World TB Day 2024
Preventing tuberculosis (TB) is the focus of our World Tuberculosis Day 2024 campaign.
We mark World Tuberculosis Day each year to raise public awareness about the devastating health, social and economic consequences of TB and to step up efforts to end the global TB epidemic.
Progress towards ending TB has been promising across the WHO Eastern Mediterranean Region in recent years.
From 2020 to 2022, across the Region as a whole:
- treatment coverage increased by over 30%
- diagnosis with WHO-recommended diagnostics grew by 21%
- the number of rifampicin/multidrug-resistant TB cases diagnosed and treated rose by 39%.
Moreover, treatment success rates are higher in the Eastern Mediterranean Region than in any other WHO region: 92% for drug-susceptible TB (2021 cohort) and 73% for drug-resistant TB (2020 cohort).
But there are still challenges too, not least the limited provision of TB preventive treatment (TPT). In 2022, across the Region, only 5.3% of eligible contacts of TB patients and 8.1% of people living with HIV received TPT. While TPT is an integral part of national TB policies, only 8 countries of the Region provide TPT to children aged under 5 years, and just 3 countries give TPT to people living with HIV.
For World TB Day 2024, our focus is on improving TB prevention. We need to promote the scale-up of TPT provision across the Region. This is also part of following up on the political declaration of the United Nations General Assembly’s second high-level meeting on the fight against tuberculosis (September 2023).
Key messages
Consider prevention if exposed to a TB patient or living with HIV
- TB preventive treatment is effective if you have been exposed to TB.
- TB services are free.
- TB preventive treatment can protect people living with HIV, and children and other family members of TB patients.
- WHO-recommended shorter preventive treatments are now available.
- TB preventive treatment should be taken by people at risk of TB, even if they have no symptoms of TB.

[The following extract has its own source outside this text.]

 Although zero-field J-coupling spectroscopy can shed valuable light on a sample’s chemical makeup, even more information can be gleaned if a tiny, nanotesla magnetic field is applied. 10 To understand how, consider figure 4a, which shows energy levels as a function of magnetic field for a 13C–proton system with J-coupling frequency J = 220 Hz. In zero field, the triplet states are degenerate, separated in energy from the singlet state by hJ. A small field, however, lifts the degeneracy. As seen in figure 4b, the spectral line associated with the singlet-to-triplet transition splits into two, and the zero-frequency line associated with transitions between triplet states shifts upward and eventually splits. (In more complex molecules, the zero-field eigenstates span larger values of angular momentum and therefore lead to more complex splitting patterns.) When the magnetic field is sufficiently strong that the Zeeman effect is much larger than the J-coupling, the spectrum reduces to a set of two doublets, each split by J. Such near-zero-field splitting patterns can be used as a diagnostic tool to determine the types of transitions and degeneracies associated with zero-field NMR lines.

- Anyone can contract and develop TB.
Increase the number of eligible people receiving preventive TB treatment across the Eastern Mediterranean Region to at least 2 million per year by 2030
- It’s time to translate political commitment to end TB into investment in more resources to improve access to new TB preventive treatment regimens.
- Let’s work to increase high-level commitment to invest in TB research to achieve the End TB Strategy targets.

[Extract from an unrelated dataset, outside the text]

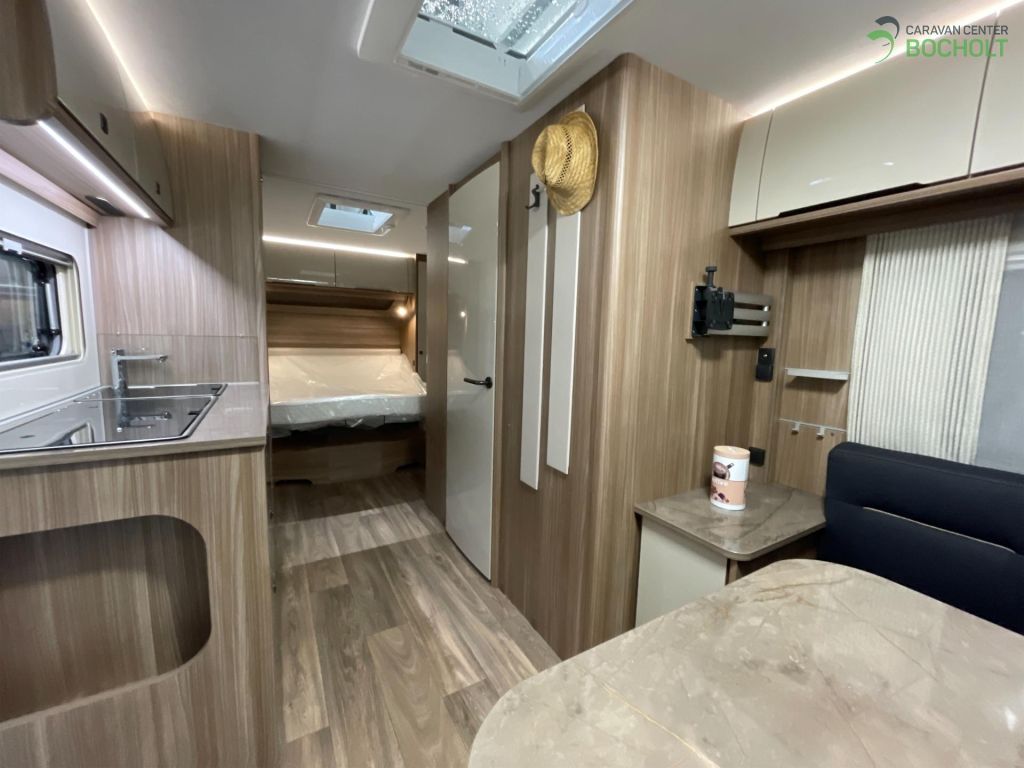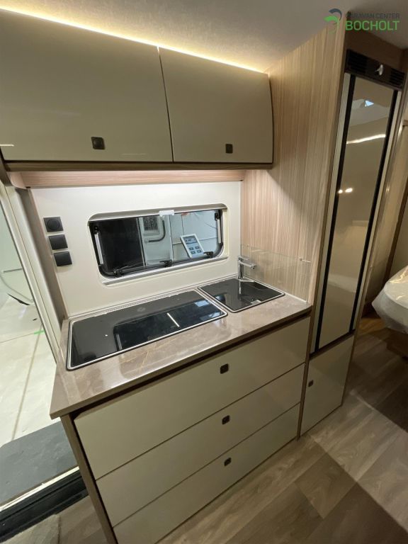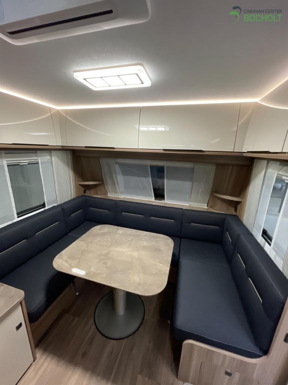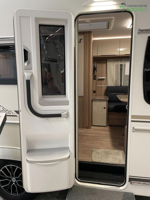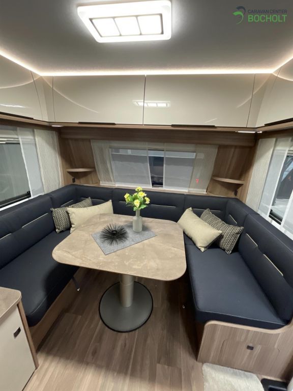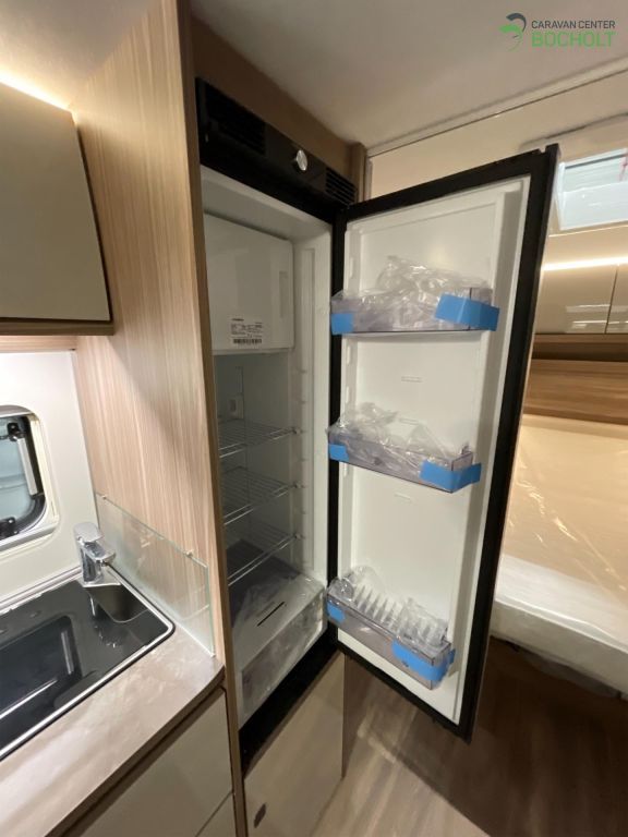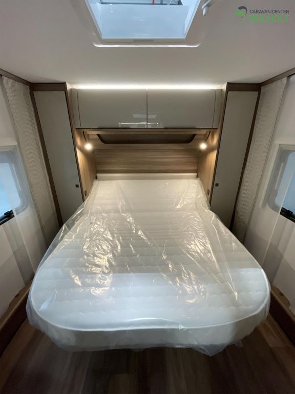 Natürlich hat auch diese Baureihe wieder die umfangreiche Grundausstattung wie Antischlingerkupplung, Auflaufbremssystem mit automatischer Bremsnachstellung, Ein-Schlüssel-Schließsystem, Stützlastanzeige, Ausstellfenster doppelt verglast und getönt, Beleuchtung LED, Lattenroste mit vollflexiblen und dauerelastischen Gelenkbrücken sowie Härteeinstellung, PVC-Bodenbelag, Teppichboden gekettelt, Staukästen mit Soft-Close-Scharnieren, TV-Kabelverlegung, Slim-Tower-Kompressor-Kühlschrank, Fliegenschutztür, Alufelgen uvm.

- TB preventive treatment can reduce rates of progression from infection to active TB disease.
- Together we must intensify efforts to scale up provision of TB preventive treatment for eligible populations.
Campaign materials
Regional Director's message
Today, on World Tuberculosis Day, we commemorate the ongoing efforts to combat this infectious disease, which tragically claims over 1 million lives annually – 7% of which occur in the WHO Eastern Mediterranean Region. Each year, this day serves as a reminder that ending TB is within our reach.
Prevention is indeed better than cure; therefore, preventive treatment is one of the crucial interventions against TB. This intervention, part of primary health care, aims to halt the progression from latent TB infection to active TB disease.